Key Metrics for Video Performance Optimization:

1. Quality of Experience (QoE)

Quality of Experience (QoE) is a critical factor in optimizing video performance for the web. It represents the overall satisfaction a viewer has with a video service and is influenced by various technical and perceptual factors. By focusing on QoE, content providers can ensure that viewers have a seamless and enjoyable experience, leading to higher engagement and retention. This article will explore how QoE contributes to optimizing video performance and how to calculate it effectively.
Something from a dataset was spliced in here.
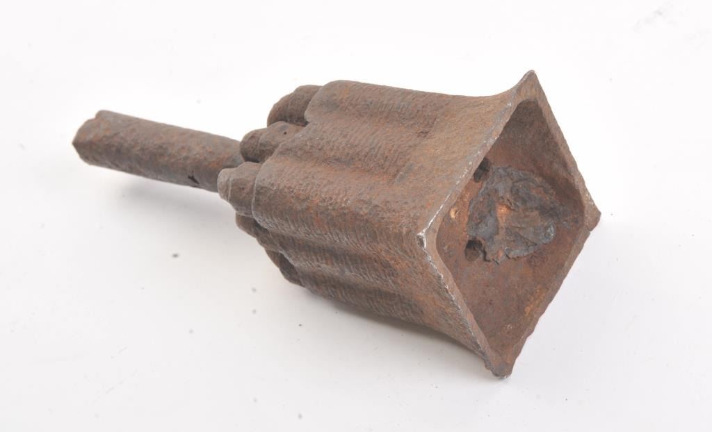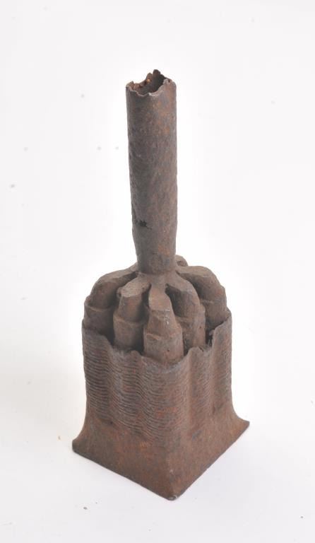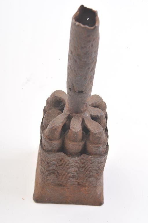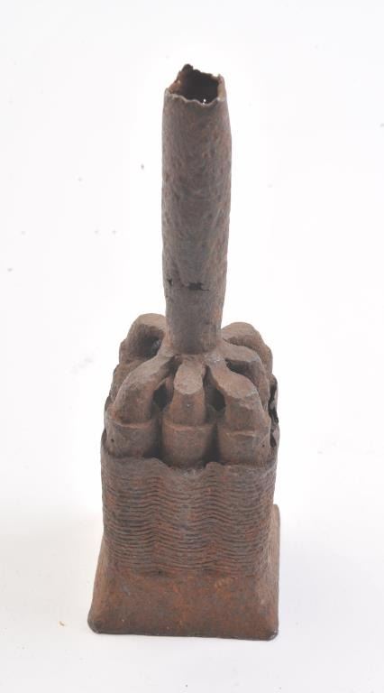 Antique Chinese hand cannon 9 shot with 1 plugged at the muzzle. 9" x 3 1/8" across squared muzzle. Circa 15th to 18th century. Heavy rusted and authentic. Good for display of earliest type ignition and multi-shotarms. Est.: $175-$350

Why QoE needs to be measured

Measuring Quality of Experience (QoE) is essential for several reasons, particularly in the context of digital services and video streaming. Here are some key points highlighting the importance of measuring QoE:

  • User-centric perspective: QoE focuses on the user's perception of service quality rather than just technical performance. By measuring QoE, organizations can understand how users feel about their interactions with a service, which is crucial for improving overall satisfaction.
  • Impact on customer retention: A positive QoE directly correlates with customer loyalty and retention. By measuring QoE, businesses can identify factors that contribute to user dissatisfaction and address them proactively, reducing churn rates.
  • Competitive advantage: In an increasingly crowded market, offering a superior QoE can differentiate a service from its competitors. Measuring QoE helps organizations identify strengths and weaknesses in their offerings, allowing them to enhance user satisfaction and attract new customers.
  • Performance optimization: Measuring QoE provides insights into the end-to-end performance of services. By understanding how various factors (e.g., buffering, video quality, and interface usability) affect user experience, organizations can optimize their systems and processes for better performance.
  • Feedback for continuous improvement: Regularly measuring QoE allows businesses to gather user feedback and make informed decisions about product development and service enhancements. This iterative process helps ensure that services evolve to meet changing user expectations.

Metrics that impacts QoE

  1. Video startup time: A longer startup time directly impacts QoE, as viewers are likely to become impatient and may abandon the video if it takes too long to load
  2. Bitrate: Bitrate affects the visual quality of the video. While higher bitrates generally provide better quality, they also require more bandwidth, which could lead to buffering if the network can't support it.
  3. Rebuffering events: Frequent rebuffering events are detrimental to QoE, causing interruptions that disrupt the viewing experience. High buffering ratios are one of the most significant contributors to a poor QoE. Frequent or prolonged buffering disrupts the viewing experience and frustrates users
  4. Video resolution: Higher resolutions provide better image quality, but they also require more data, which can lead to increased buffering or slower startup times if the network can’t handle the higher data rate.
  5. Playback error rate: High error rates significantly lower QoE, as they prevent the video from being viewed as intended.
  6. Viewer engagement: Metrics that reflect how viewers interact with the video content, including playthrough rates, drop-off points, and the time spent watching. Higher engagement typically indicates a better QoE. If viewers watch more of the video, it suggests they are satisfied with the experience.

Calculate QoE score

To calculate the Quality of Experience (QoE) Score for video streaming, each video view is assigned a score between 0 and 100 based on key metrics: Playback success, smoothness, startup time, and quality.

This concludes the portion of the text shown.